I have a small circuit that's giving me a headache for one of my lab assignments. I've gone through it with node voltage analysis for the previous lab with confirmed results, but I'm stuck on completing the mesh current analysis of the same circuit. 1605722066157.png
Pasted the circuit above.
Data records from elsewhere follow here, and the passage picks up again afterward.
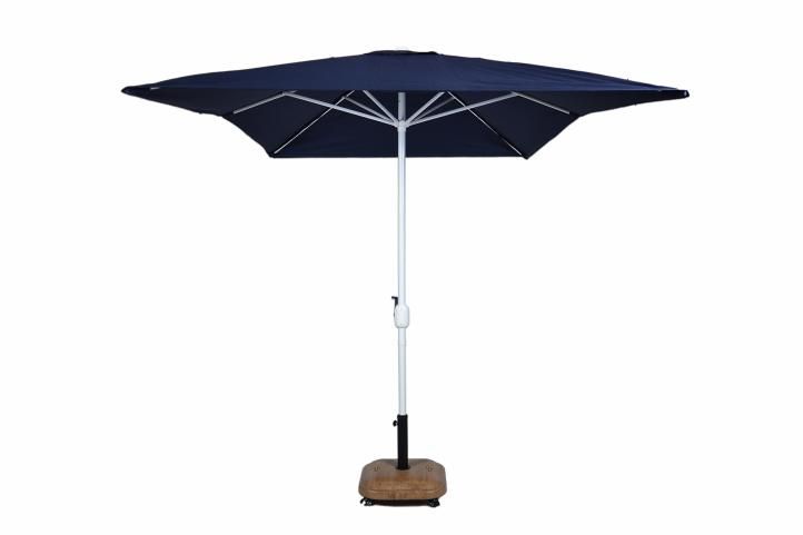 Tento slnečník v sýtej modrej farbe je vďaka svojmu obdĺžnikovému tvaru vhodný najmä na terasy a balkóny. Slnečník možno jednoducho zatvoriť alebo otvoriť vďaka integrovanej kľučke. Tkanina slnečníka je vyrobená zo 100 % polyesteru s gramážou, ktorá chráni tkaninu pred pôsobením vlhkosti a robí z nej kvalitný materiál s dlhodobou životnosťou. Vďaka tvaru konštrukcie je slnečník odolnejší proti miernym poveternostným podmienkam a už by sa nemalo stávať, že Vám vietor "obráti" slnečník a poláme konštrukciu.
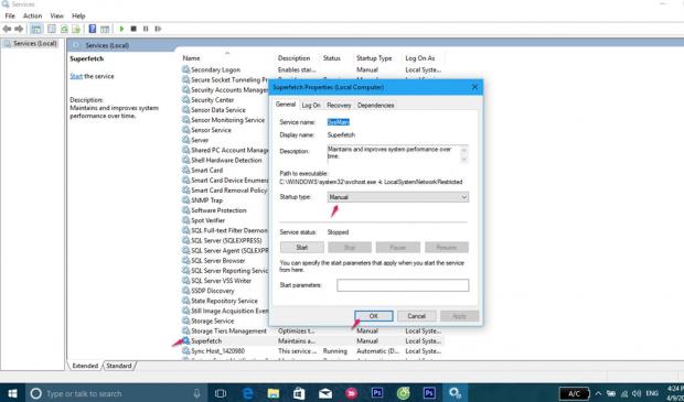 Bước 2: Tìm và disable service Connected User Experiences and Telemetry và bật chế độ manual cho service Superfetch. Còn một số service để tắt nữa, link nằm ở gần cuối bài nhé.
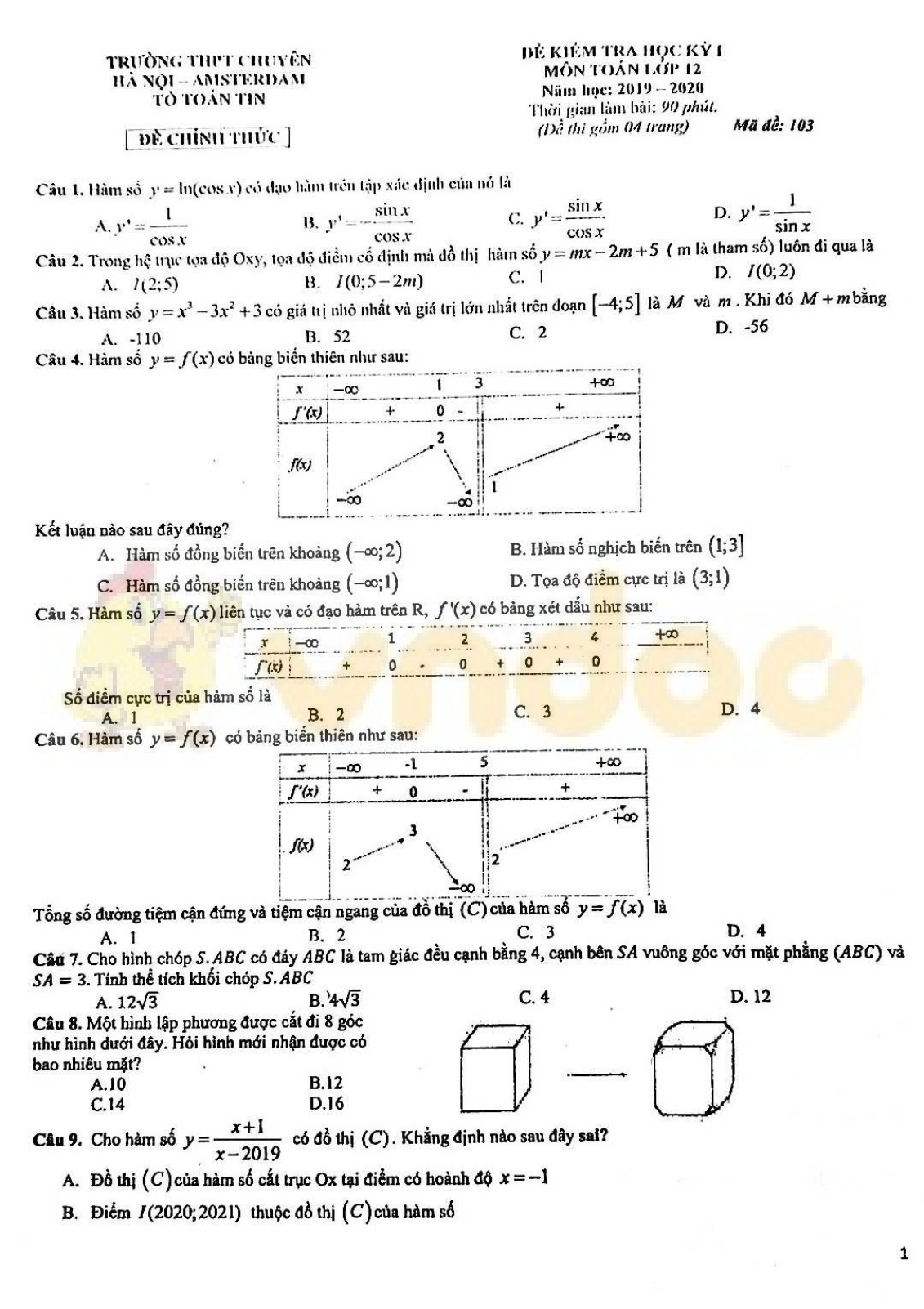 Đề thi học kì 1 lớp 12 môn Toán trường THPT Chuyên Hà Nội - Amsterdam năm học 2019-2020
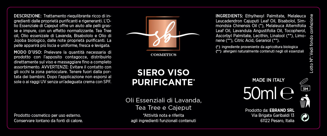 Attivi Principali: Bisabololo, Olio di Jojoba Ozonizzato, Olio Essenziale di cajeput, Olio Essenziale di Lavanda, Tea Tree
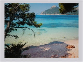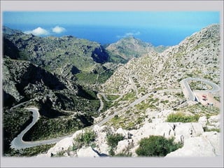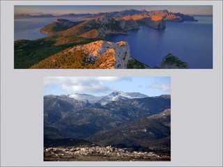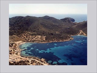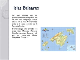 El documento proporciona información sobre las Islas Baleares, incluyendo su ubicación, composición e historia. Brevemente describe la prehistoria y colonización de las islas por diferentes culturas como fenicios, cartagineses y romanos. También resume la conquista cristiana por Jaime I de Aragón en los siglos XIII y la posterior dominación británica de Menorca en el siglo XVIII. Finalmente, menciona la autonomía obtenida en el siglo XX.

We need to determine the current I and voltage U. They should be I = 2.67mA and U = 2.67V.

I think I've gotten the mesh equations right, with I1(left) = 41mA, I2(top) = 15mA and I3(corner) = 21mA
but I don't really know where to go from here to get the right result up top.

Would very much appreciate pointers :)

//Bryne
 

Thread Starter

hBryne

Joined Nov 18, 2020
6
Hi Eric,

\[ I_1: 10V-500\Omega (I_1-I_3) = 0 \]
\[ I_2: 8V-1000\Omega (I_2-I_3) - 1000\Omega(I_2) = 0 \]
\[ I_3: -10V + 500\Omega (I_3-I_1) + 1000\Omega (I_3-I_2) - 8V - 1000\Omega (I_3) = 0 \]

Plugged them into Microsoft Mathematics to solve for the answers I got
 

Thread Starter

hBryne

Joined Nov 18, 2020
6
I guess what i'm really asking is how to calculate the current and voltage in the top branch with this method.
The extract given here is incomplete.